Swiss want central bank to fight franc’s rise: poll

Two out of three Swiss want the country's central bank to stem the franc's rise and over a quarter are calling for an exchange rate ceiling against the euro, according to a poll published on Sunday.

Swiss want central bank to fight franc's rise: poll

The poll, commissioned by the Swiss weekly SonntagsZeitung, found that 63 percent of respondents want further Swiss National Bank (SNB) interventions to stop the currency’s rise.  

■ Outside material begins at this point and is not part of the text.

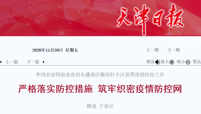 政知道(微信ID:upolitics)了解到,此次疫情传播情况系昨晚发现。11月19日夜,在接到相关疫情报告后,天津市委书记李鸿忠,市委副书记、市长廖国勋第一时间赶往该社区封控现场调研检查,研究部署疫情防控工作。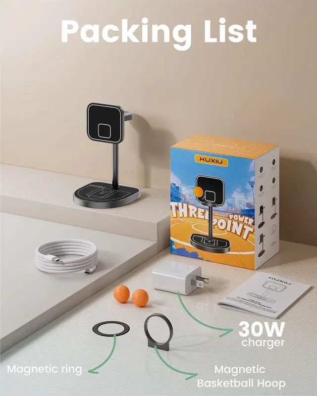 [What You Will Get] 1 * X85 3-in-1 Magnetic Wireless Charger, 1 * 30W PD Fast Charging Adapter, 1 * Magnetic Basketball Hoop, 2 * Mini Basketball, 1 * USB-C to USB-C Cable, 1 * Magnetic Ring (Extra compatible with Non-Mag Safe QI Phones), 1 * User Manual. Perfect for basketball fans or anyone looking to add some joy to their daily routinean excellent gift for birthdays, holidays, or just because!

The franc, considered a safe haven currency, has risen around 20 percent against the euro and 25 percent against the dollar since 2009, as investors flee economic turmoil abroad.  

The poll of 1,004 conducted between August 18 and 20 also found that 27 percent of respondents wanted the SNB to institute an exchange ceiling against the euro, “aiming at 1.15 or 1.20 francs per euro”.  

It also confirmed consumer complaints that the currency’s rise has not translated into lower prices at home, with a third of respondents saying they had given up purchasing expensive products, and an equal amount saying they went shopping abroad.  

In separate articles, the SonntagsZeitung reported that Switzerland’s supermarket chains were already feeling an impact from cross-border shopping, with Migros, the country’s biggest supermarket mulling job cuts, and Coop, the number two, warning its 2011 growth will be lower than expected.  

Last Wednesday, the Swiss central bank announced the third round of liquidity measures in two weeks to cool demand for the franc. 

But the measure appeared to have limited effect. On Friday, the franc ended the day trading at 1.1307 franc per euro and 0.7851 franc per dollar.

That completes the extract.